PROBLEM STATEMENT: For the records below, output word for word the lines from the one with "南華鹵面大約開設於1991年" up to and including the one with "低溫浴式面源黑體爐(-50-80℃)校準證書 2025-1-20 本文被閱讀". No pictures.
*** Opening SOURCE DATA ***
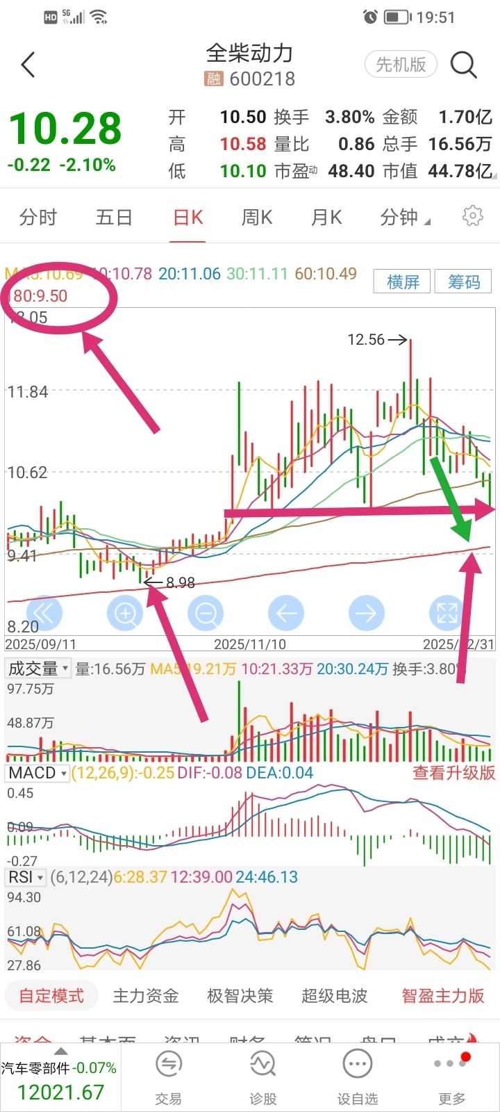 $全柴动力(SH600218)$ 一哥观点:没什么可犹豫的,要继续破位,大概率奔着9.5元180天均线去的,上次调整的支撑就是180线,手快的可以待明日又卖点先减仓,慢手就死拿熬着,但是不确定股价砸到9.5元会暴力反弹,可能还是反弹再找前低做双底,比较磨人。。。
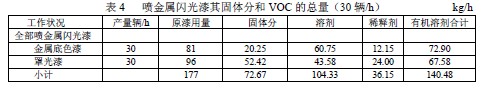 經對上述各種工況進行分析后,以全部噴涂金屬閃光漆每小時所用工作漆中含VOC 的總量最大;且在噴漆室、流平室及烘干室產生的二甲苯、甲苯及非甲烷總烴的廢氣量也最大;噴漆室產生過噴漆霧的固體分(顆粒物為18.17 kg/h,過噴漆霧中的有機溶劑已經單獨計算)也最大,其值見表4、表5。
*** Closing SOURCE DATA ***
*** Opening SOURCE DATA ***
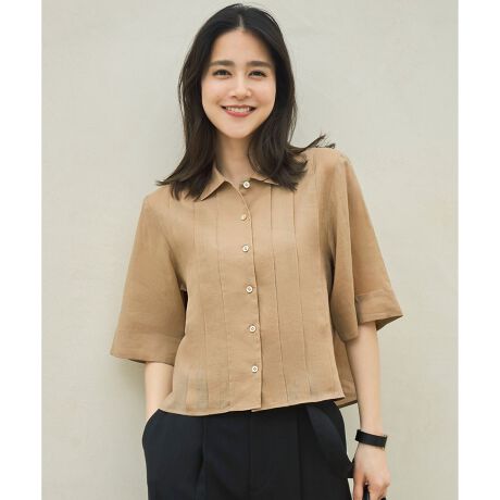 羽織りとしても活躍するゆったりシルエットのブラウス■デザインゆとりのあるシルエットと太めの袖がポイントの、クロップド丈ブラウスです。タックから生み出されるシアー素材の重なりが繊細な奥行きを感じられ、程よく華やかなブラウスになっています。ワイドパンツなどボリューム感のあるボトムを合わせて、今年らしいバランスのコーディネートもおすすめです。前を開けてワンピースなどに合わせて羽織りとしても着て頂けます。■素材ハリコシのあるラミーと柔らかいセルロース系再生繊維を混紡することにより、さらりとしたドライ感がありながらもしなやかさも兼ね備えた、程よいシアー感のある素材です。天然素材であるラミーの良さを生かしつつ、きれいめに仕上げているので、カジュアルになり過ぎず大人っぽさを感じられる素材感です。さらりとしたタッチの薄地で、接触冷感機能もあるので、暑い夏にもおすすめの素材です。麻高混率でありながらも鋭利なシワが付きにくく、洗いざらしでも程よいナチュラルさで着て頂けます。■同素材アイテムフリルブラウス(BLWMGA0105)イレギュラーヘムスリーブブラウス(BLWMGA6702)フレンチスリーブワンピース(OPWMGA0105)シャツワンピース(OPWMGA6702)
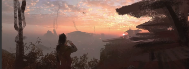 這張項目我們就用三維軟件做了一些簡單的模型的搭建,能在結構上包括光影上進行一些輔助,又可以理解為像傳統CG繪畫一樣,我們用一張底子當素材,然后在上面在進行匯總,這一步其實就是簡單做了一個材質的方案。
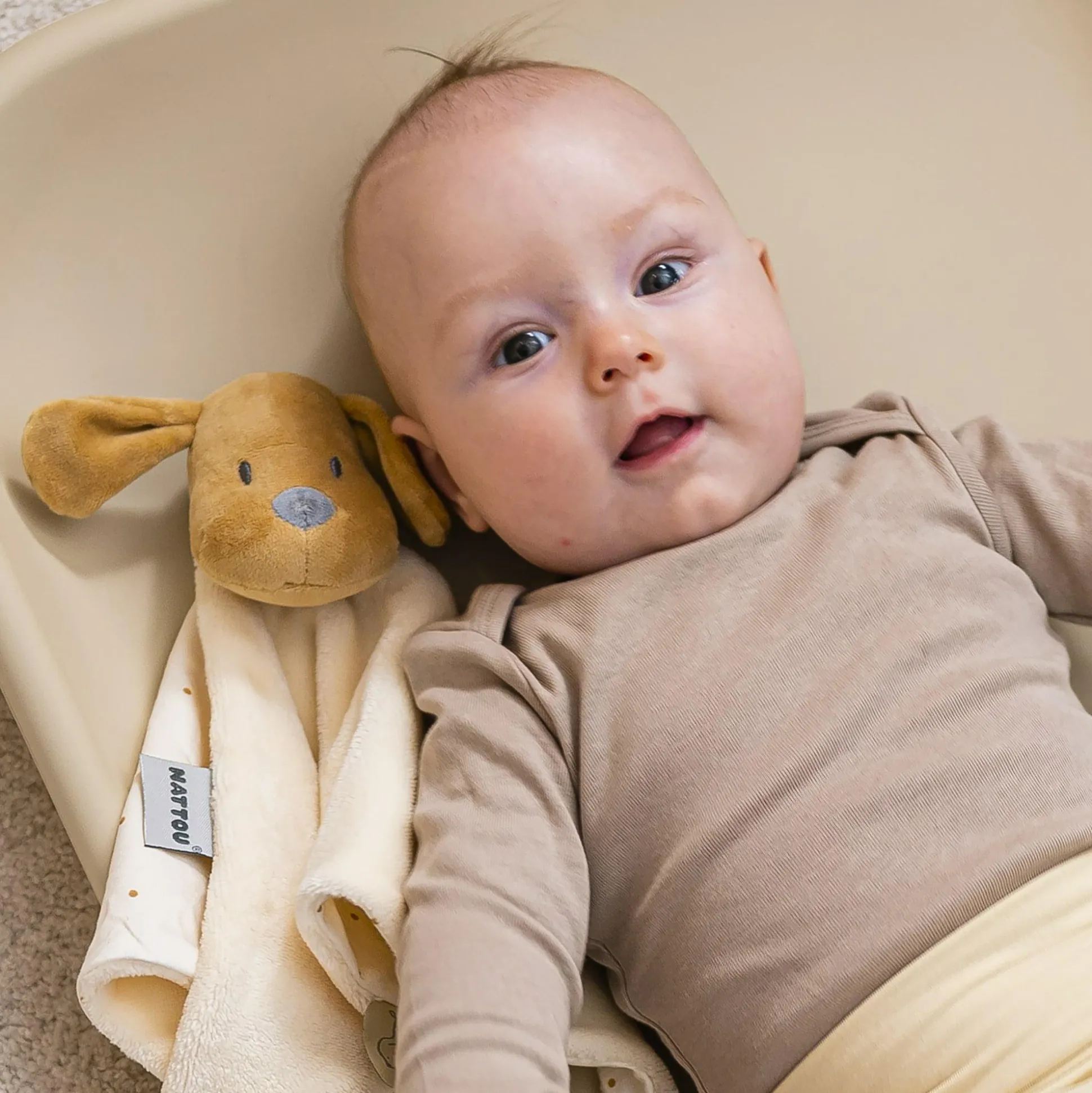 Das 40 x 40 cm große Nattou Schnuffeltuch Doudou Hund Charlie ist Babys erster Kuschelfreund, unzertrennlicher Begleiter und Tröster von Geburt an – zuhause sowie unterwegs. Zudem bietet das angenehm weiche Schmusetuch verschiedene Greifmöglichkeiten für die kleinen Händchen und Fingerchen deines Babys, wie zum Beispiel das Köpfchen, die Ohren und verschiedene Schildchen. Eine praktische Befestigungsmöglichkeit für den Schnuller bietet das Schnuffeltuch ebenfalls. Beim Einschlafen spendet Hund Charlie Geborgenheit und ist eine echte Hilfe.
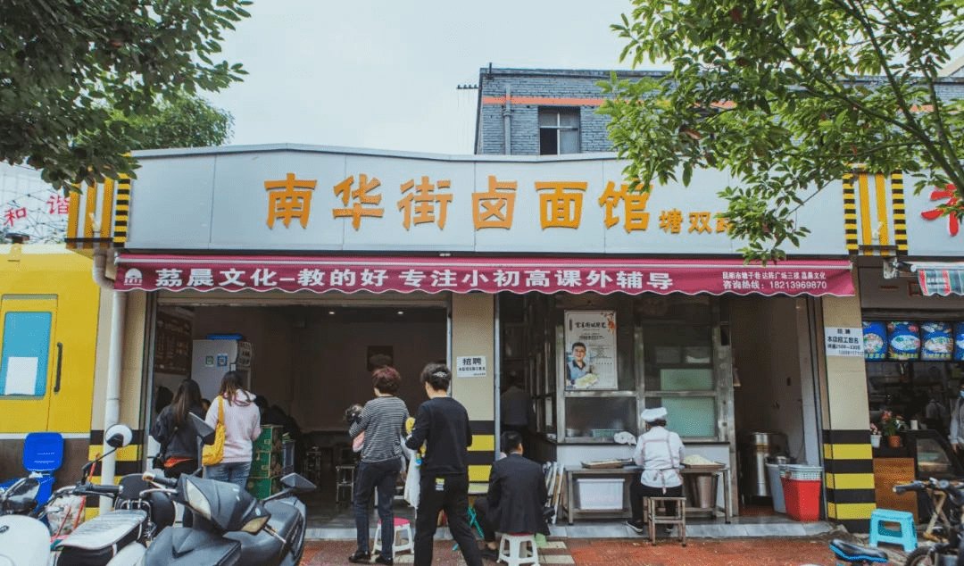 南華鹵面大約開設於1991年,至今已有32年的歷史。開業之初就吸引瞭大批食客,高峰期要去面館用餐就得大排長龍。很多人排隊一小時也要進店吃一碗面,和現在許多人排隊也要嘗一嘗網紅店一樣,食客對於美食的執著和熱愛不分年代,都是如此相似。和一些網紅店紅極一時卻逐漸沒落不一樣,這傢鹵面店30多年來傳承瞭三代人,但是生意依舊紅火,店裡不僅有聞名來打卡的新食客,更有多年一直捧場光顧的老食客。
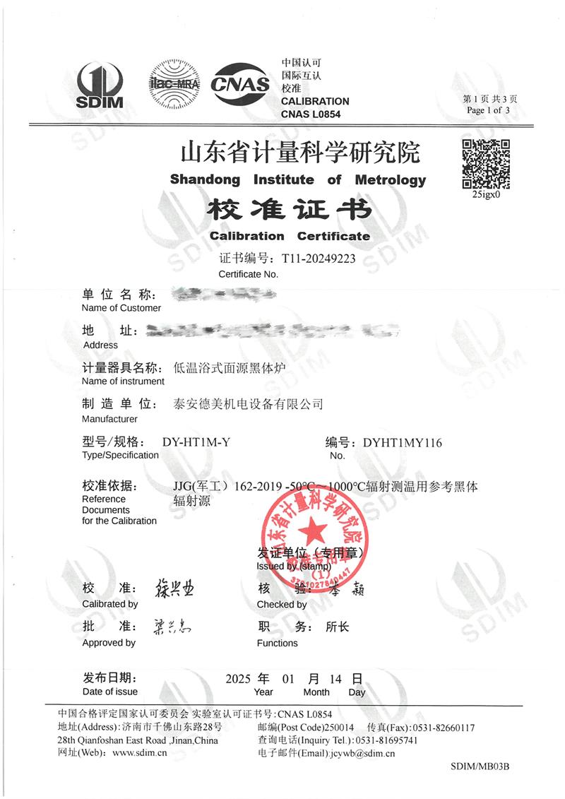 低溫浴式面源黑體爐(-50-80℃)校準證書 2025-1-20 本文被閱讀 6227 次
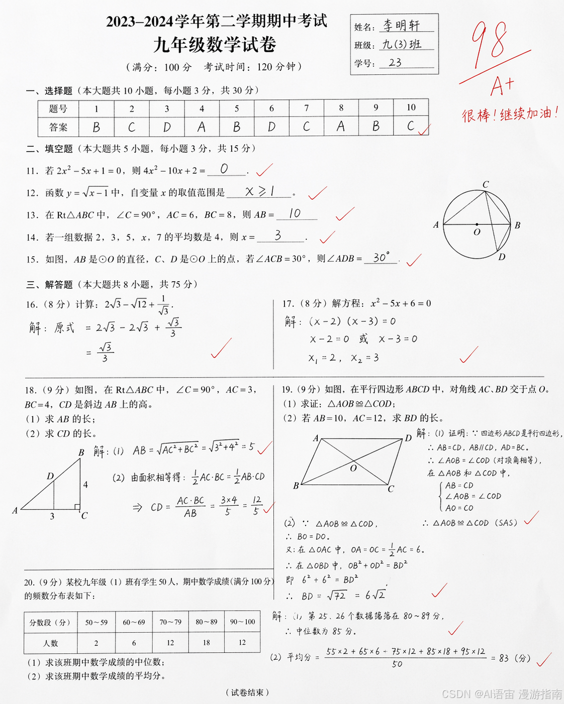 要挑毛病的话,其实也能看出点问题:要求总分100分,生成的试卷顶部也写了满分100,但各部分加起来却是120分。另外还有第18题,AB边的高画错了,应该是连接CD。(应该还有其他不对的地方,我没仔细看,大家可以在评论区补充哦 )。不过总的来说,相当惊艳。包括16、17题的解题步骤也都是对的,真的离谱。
*** Closing SOURCE DATA ***
REPLY TO THE EXERCISE:
 南華鹵面大約開設於1991年,至今已有32年的歷史。開業之初就吸引瞭大批食客,高峰期要去面館用餐就得大排長龍。很多人排隊一小時也要進店吃一碗面,和現在許多人排隊也要嘗一嘗網紅店一樣,食客對於美食的執著和熱愛不分年代,都是如此相似。和一些網紅店紅極一時卻逐漸沒落不一樣,這傢鹵面店30多年來傳承瞭三代人,但是生意依舊紅火,店裡不僅有聞名來打卡的新食客,更有多年一直捧場光顧的老食客。
 低溫浴式面源黑體爐(-50-80℃)校準證書 2025-1-20 本文被閱讀 6227 次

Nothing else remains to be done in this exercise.